Did this years ago (1998?) and called it an "Nth" program. Wrote this
in ASSEMBLER!!! Basically, you take your total count, divide by the
number of buckets, and of that answer, the whole part we'll call Nth and
the remainder we'll call LeftoverFraction. As I start to cycle through
the data, I export/flag/whatever every "Nth" record, keeping a sum of
the LeftoverFraction. When the LeftoverFraction part goes over 1, I add
1 to the "Nth" for that iteration only, then substract 1 from the
LeftOverFraction sum. Rinse and repeat.
So if my division came out to "every 4.25 records", then the first 5
records I would be grabbing would be 4, 8, 12, 17, 21. See how I did
that?
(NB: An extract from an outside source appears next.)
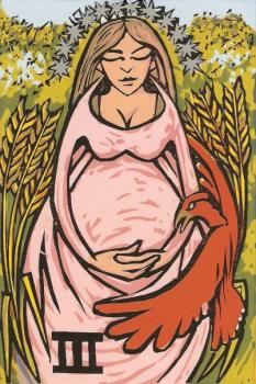 24 Mar 2008 Kerrie Carbary's Tarot of Mom finally arrived today. It was created using old fashioned scissors and paste collage in 2000, so it is strange that I only heard about it recently. Perhaps Kerrie Carbary has only just got round to printing it up in deck form. She has renamed many of the cards, but they are archetypally tarot images, and she provides a translation key. I must say I really like these unpretentious tarots that obviously arise out of some powerful personal experiences. Other collectors, oriented toward fine art, tend to look down on such items and treat them with a bit of disdain, and even contempt, but for me such decks are a key part of modern tarot. A few days ago I bought a similar production which should arrive soon, and I will be happy to show it to you on this weblog as soon as it comes into my hands. At the same time I also bought, at a very reasonable price, a copy of a fine art tarot, in the form of a series of large serigraphs, so I appreciate both fine art and outsider or naive art in tarot.

For that 4th number, the LeftoverFraction part totalled >= 1, so
I added one to the Nth factor for that iteration and set the
LeftoverFraction sum back by 1.
I was quite proud of that code. The asshole boss I had at the time
didn't think I could do it. :-)
Hence, it was a true "Nth" across the entire dataset, without rounding
error skewing the selected sample as the process went through the file.
Good luck!
--Mike
On 2014-06-13 13:23, M Jarvis wrote:
I would like to optimally shuffle my 1 million records across my <N>
buckets so that the total quantity (based on the sum of each record's
quantity field) in each bucket is balanced (as much as possible)
across
buckets.
This sounds like the type of problem that has been solved before and
given a fancy algorithm name.
I see the word 'shuffle' as-in 'distribute', and not any mention of
'random'. I would *assume* you want the 1 million records randomly
distributed.
Also your desire for "balanced as much as possible" is relative -
balanced as in less than 2? 200? 463?
Off the top of my head I'd randomize the 1 million records then feed
them 1, 2, 3... to each bucket keeping a running total on each. Not
sure about the probabilities but something tells me you should more or
less be within 1000 of each other.... if not, do it again...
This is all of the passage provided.